• _EXERCISE OBJECTIVE_:
Would you please transcribe, exactly as written, the lines of the entries below starting at the one that holds "Clásica mercedita realizada" and ending at the one that holds "FDHYFGDY - جراب", both included?

• _DATA FOR THIS EXERCISE_:
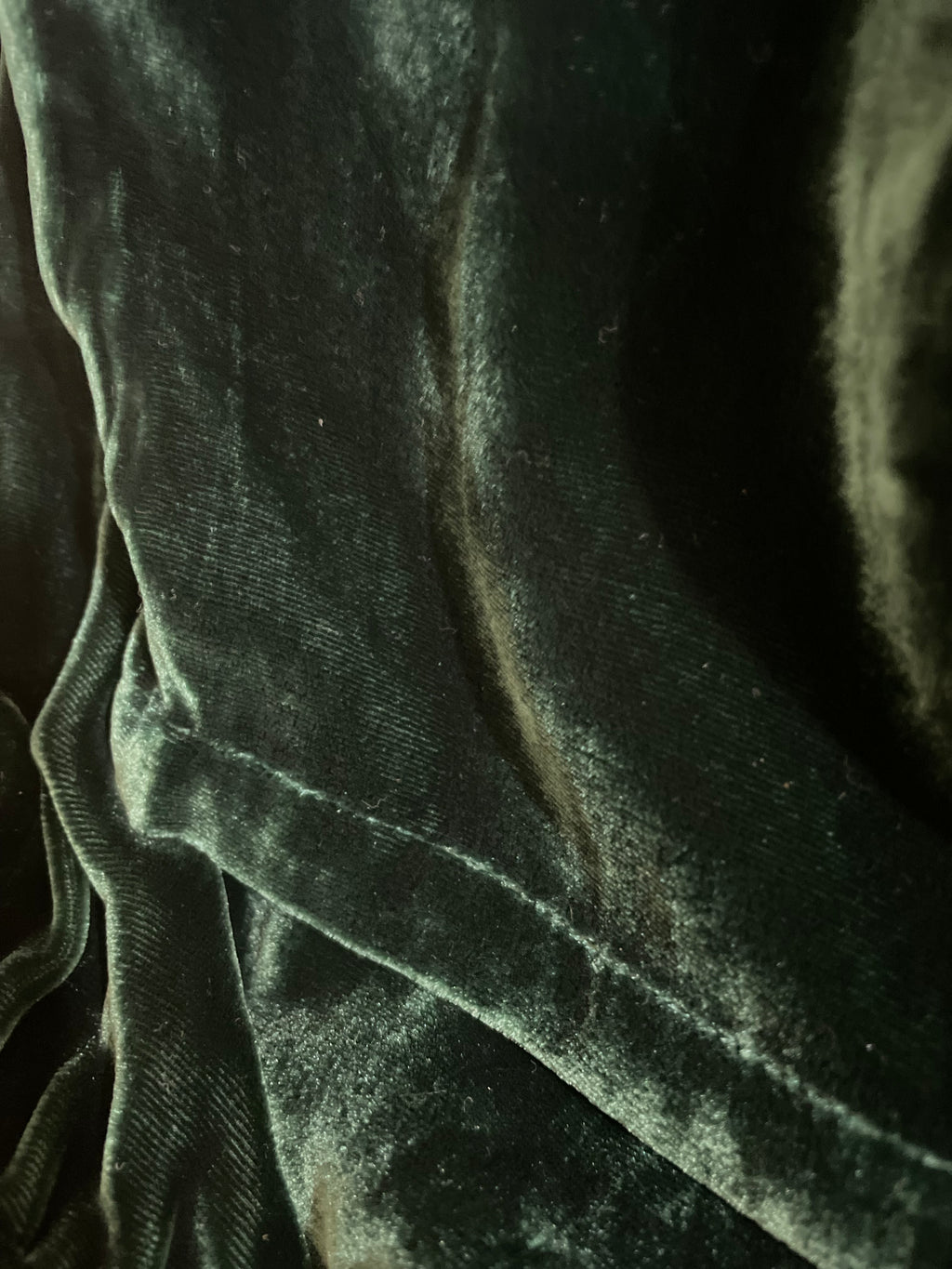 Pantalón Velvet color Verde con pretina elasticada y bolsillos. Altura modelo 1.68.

...

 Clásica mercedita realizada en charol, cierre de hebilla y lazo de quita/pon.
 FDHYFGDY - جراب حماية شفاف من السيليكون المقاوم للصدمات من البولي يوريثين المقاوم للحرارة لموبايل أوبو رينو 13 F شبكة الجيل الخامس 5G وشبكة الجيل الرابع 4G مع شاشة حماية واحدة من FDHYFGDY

• _ANSWER SPACE_:
 Clásica mercedita realizada en charol, cierre de hebilla y lazo de quita/pon.
 FDHYFGDY - جراب حماية شفاف من السيليكون المقاوم للصدمات من البولي يوريثين المقاوم للحرارة لموبايل أوبو رينو 13 F شبكة الجيل الخامس 5G وشبكة الجيل الرابع 4G مع شاشة حماية واحدة من FDHYFGDY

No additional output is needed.